Grrrr! I’m doing this on my phone because my computer is down. Don’t ask…
This is my second attempt on my phone. I’m trying hard to stay positive and GRATEFUL! Here goes.
It took me a couple of days to figure out what I wanted to write about. I know Becky had a hard time too. You would think this would be the easiest theme ever! I have so much for which to be grateful. I don’t think I could ever finish this post if I tried to list them here. At the top of my list is God and my family. But there’s something else. Something most people wouldn’t think about. My tumor. I’m grateful for the tumor I had when I was young. Without it I wouldn’t have faced my own mortality, my bad decisions, selfish actions- all the things we regret from our 20’s. I wouldn’t have realized how precious my faith, my children, my marriage, and my family were. I wouldn’t have valued life as much or realized how it can be gone in a second- irretrievable forever. It changed my life in so many great ways. I grew up quick. And let me tell you- when you know two surgeons are going to be cracking open your skull and cutting things around your brain and that one tiny wrong move could end your life- there is no doubt you want salvation. There are no aetheists in a fox hole, so to speak. It’s life or death and I was on my knees praying. I actually wrote a will of sorts at 24 years of age. That’s the place I was at in my life at 24 years old. In that moment no one can save you but God.
Fast forward almost 25 years. I cringe when I see pictures of myself. I agonize over which pictures to choose for social media. You see, as a result of the tumor half my face is paralyzed. In those moments when I don’t like how I look I have to remind myself that it was a small sacrifice made to save my life and that sacrifice allowed me to live to see my kids grow up, my grandkids be born and all the other things I’ve seen and done in the last two decades. So today I’m grateful for my broken face. I’ve had a great life and I’m reminded of that each and every time I look in the mirror. So THANK YOU to Dr. Duckert and the 1994 team of surgeons and medical professionals who saved my life during the more than 9 hour surgery they did at University of Washington Medical Center. Thank you.

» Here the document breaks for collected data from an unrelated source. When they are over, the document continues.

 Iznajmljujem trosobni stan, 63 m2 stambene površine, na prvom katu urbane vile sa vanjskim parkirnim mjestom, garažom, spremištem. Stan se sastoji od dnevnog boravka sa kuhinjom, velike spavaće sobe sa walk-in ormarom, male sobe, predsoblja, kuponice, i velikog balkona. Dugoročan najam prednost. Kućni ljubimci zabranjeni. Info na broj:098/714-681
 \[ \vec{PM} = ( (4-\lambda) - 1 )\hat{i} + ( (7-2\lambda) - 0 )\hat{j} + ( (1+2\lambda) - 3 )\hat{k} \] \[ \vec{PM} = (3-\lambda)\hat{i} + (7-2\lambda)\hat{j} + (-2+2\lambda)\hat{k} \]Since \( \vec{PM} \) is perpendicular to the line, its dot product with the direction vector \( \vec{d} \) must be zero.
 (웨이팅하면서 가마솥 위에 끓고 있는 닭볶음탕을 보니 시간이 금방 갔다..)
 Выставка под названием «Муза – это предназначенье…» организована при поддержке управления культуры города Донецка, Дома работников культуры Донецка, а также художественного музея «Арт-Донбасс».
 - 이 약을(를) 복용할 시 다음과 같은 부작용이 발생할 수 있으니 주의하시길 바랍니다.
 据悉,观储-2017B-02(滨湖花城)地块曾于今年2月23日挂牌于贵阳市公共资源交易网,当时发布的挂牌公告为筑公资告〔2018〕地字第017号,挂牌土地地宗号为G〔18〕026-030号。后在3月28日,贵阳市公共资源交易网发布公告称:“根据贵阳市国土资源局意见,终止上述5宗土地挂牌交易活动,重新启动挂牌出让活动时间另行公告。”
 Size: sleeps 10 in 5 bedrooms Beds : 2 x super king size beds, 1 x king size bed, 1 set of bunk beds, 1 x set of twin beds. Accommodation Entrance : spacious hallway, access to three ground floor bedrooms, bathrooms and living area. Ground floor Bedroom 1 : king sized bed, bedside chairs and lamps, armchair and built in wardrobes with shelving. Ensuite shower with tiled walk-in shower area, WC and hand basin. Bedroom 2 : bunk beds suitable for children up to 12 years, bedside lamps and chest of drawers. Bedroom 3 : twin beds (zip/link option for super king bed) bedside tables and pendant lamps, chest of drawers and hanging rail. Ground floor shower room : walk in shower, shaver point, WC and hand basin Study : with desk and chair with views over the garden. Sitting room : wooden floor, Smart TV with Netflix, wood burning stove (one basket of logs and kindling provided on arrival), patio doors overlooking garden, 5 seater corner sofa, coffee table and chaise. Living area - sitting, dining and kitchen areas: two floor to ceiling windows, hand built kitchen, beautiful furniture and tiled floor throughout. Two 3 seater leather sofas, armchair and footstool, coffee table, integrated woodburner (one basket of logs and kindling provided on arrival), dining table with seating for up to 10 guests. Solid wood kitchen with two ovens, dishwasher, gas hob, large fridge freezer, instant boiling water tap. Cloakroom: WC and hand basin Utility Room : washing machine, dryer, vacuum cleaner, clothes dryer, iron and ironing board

High School- I had a great smile before the surgery. This was probably 8-10 years or so before surgery.
The day I graduated with my Bachelors degree I walked across the stage, walked out the door, said goodbye to my babies (not knowing if I’d see them again) and Bart drove me to Seattle, Washington for surgery on my tumor. My face was already paralyzed. The doctors said it could be temporary and surgery might resolve it. It didn’t.
Be grateful. Life can change so quickly.